E allora, raccomanderei al nostro ministro della sanità, invece di preoccuparsi del solito fumo (già molto fustigato) e delle bibite gassate, di concentrarsi sulla necessità di realizzare campagne informative equilibrate e misurate, per un corretto uso di tali farmaci.
L’insoddisfazione, la noia, la paura, la temporanea perdita di gioia sono condizioni naturali e fisiologiche dell’animo umano: non sono malattie. Sono semmai stimoli a migliorare.
Non si vive in un costante orgasmo o in uno stato di perenne beatitudine. Il nostro cervello si è evoluto in milioni di anni per permetterci di percepire sensazioni, a volte, così sofisticate.
E questo viaggio evolutivo non è affatto completato. Siamo individui evolutivamente in transizione verso un nuovo tipo di essere umano. Ciò, però, significa anche che ogni persona deve trovare il coraggio di mettersi alla ricerca del proprio progetto esistenziale e non immaginare che qualcuno o qualcosa (un farmaco) possano farlo in sua vece.
Nè avere paura della paura o delle naturali (o stagionali) fluttuazioni umorali.
Gli obiettivi da raggiungere devono essere quelli di dare un senso alla propria esistenza, costruire bellezza per sè e per gli altri, percepire la straordinaria abbondanza e ricchezza della vita, darsi il permesso di meritare la felicità.
E questo si realizza soltanto con un autentico lavoro su se stessi, non certo ingurgitando pillole.

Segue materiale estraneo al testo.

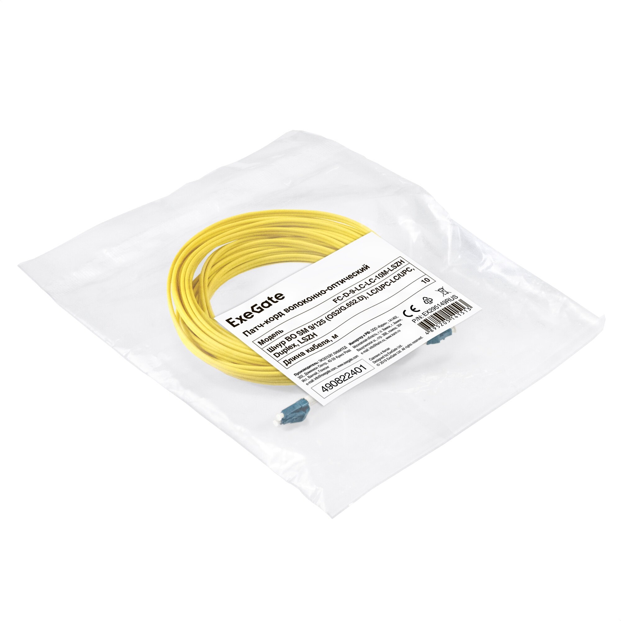 Патч-корд волоконно-оптический ExeGate (Шнур ВО SM 9/125 (OS2/G.652.D), LC/UPC-LC/UPC, Duplex, LSZH, 10м)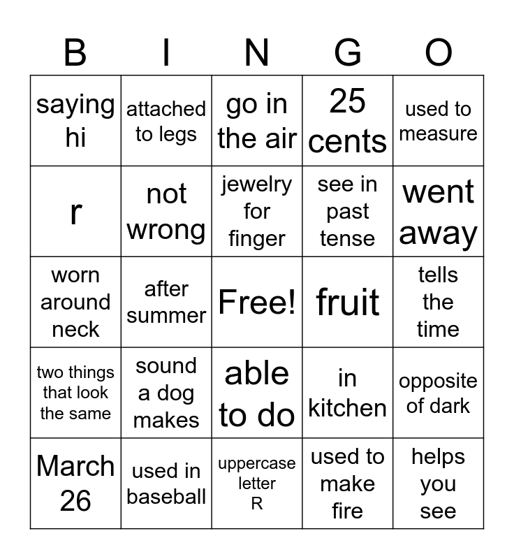 This bingo card has a free space and 24 words: sound a dog makes, used in baseball, jewelry for finger, March 26, used to measure, saying hi, r, attached to legs, fruit, able to do, see in past tense, worn around neck, in kitchen, opposite of dark, not wrong, used to make fire, tells the time, go in the air, went away, after summer, helps you see, two things that look the same, 25 cents and uppercase letter R.

E tanto che ci siamo, proviamo a leggere (e far leggere) “Cara salute” edito da “La città del sole”, scritto a quattro mani da Ramona Desole e Elisa Massimiani, pesante denuncia dell’imperialismo sanitario e della mancanza di farmaci specifici proprio là dove ce n’è più bisogno, dove imperversano le “malattie della povertà”, come la lebbra o la malattia del sonno, contro cui non si fa praticamente nulla, perché non conviene.
Nei paesi in via di sviluppo di queste malattie si muore, ma si muore anche di malaria, solo perché i farmaci non ci sono, non sono a disposizione di chi ne avrebbe bisogno.
Si pensi che il farmaco usato per curare la malattia del sonno (causata dalla mosca tse tse, è endemica in 36 Paesi dell’Africa equatoriale), denominato Eflornitina, è stato tolto dal commercio per rivenderne i principi attivi che sarebbero efficaci nel ritardare la crescita dei peli superflui. In questo modo il prodotto rende di più. E rende di più, in occidente, venderlo per la prevenzione della recidiva della poliposi colo-rettale.
Non è quindi un caso che due terzi della popolazione mondiale non ha accesso ai farmaci e che un miliardo di persone al mondo soffre delle cosiddette malattie rare; malattie che la ricerca trascura e l’industria non finanzia perché scarsamente remunerative. Non è così per la, la tubercolosi e l’Aids, sulle quali si continua a studiare solo perché colpiscono anche l’Occidente e si possono realizzare profitti da capogiro.
Carlo Di Stanislao
noi che abbiamo figli autistici, speriamo che si “sveglino” e raggiungano una consapevolezza che gli consenta di districarsi nella vita, nel bene e nel male. Altri per: noia? per affrontare la vita sul “velluto”? addormentano i propri sensi, delegando ai farmaci la soluzione, o la ..posticipazione dei dei problemi. Chi si agevola di questo sistema? Case farmaceutiche? istituti, terapisti?